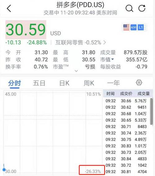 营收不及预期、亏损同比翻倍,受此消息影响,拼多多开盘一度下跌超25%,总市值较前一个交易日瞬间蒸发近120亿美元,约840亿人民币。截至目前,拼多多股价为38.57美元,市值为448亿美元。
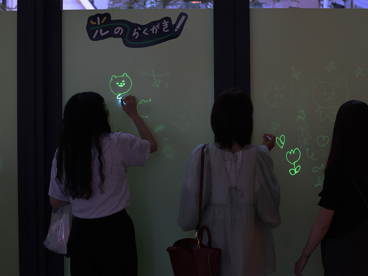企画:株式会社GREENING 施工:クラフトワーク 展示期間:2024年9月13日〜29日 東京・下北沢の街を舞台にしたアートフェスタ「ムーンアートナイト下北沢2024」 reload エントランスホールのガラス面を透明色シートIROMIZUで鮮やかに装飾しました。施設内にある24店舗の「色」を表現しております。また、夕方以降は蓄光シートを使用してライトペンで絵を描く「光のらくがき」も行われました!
+++
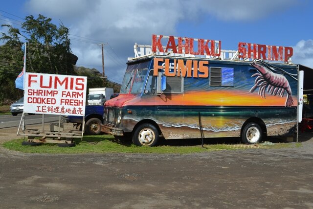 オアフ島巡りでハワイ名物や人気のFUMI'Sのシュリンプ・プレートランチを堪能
+++
- **TO DO**
Of the lines above, quote exactly those from the one with "营收不及预期、亏损同比翻倍,受此消息影响" through the one with "企画:株式会社GREENING 施工:クラフトワーク 展示期間:2024年9月13日〜29日", ends included; pictures stay out.

- **SOLUTION FOR THIS TASK**
 营收不及预期、亏损同比翻倍,受此消息影响,拼多多开盘一度下跌超25%,总市值较前一个交易日瞬间蒸发近120亿美元,约840亿人民币。截至目前,拼多多股价为38.57美元,市值为448亿美元。
企画:株式会社GREENING 施工:クラフトワーク 展示期間:2024年9月13日〜29日 東京・下北沢の街を舞台にしたアートフェスタ「ムーンアートナイト下北沢2024」 reload エントランスホールのガラス面を透明色シートIROMIZUで鮮やかに装飾しました。施設内にある24店舗の「色」を表現しております。また、夕方以降は蓄光シートを使用してライトペンで絵を描く「光のらくがき」も行われました!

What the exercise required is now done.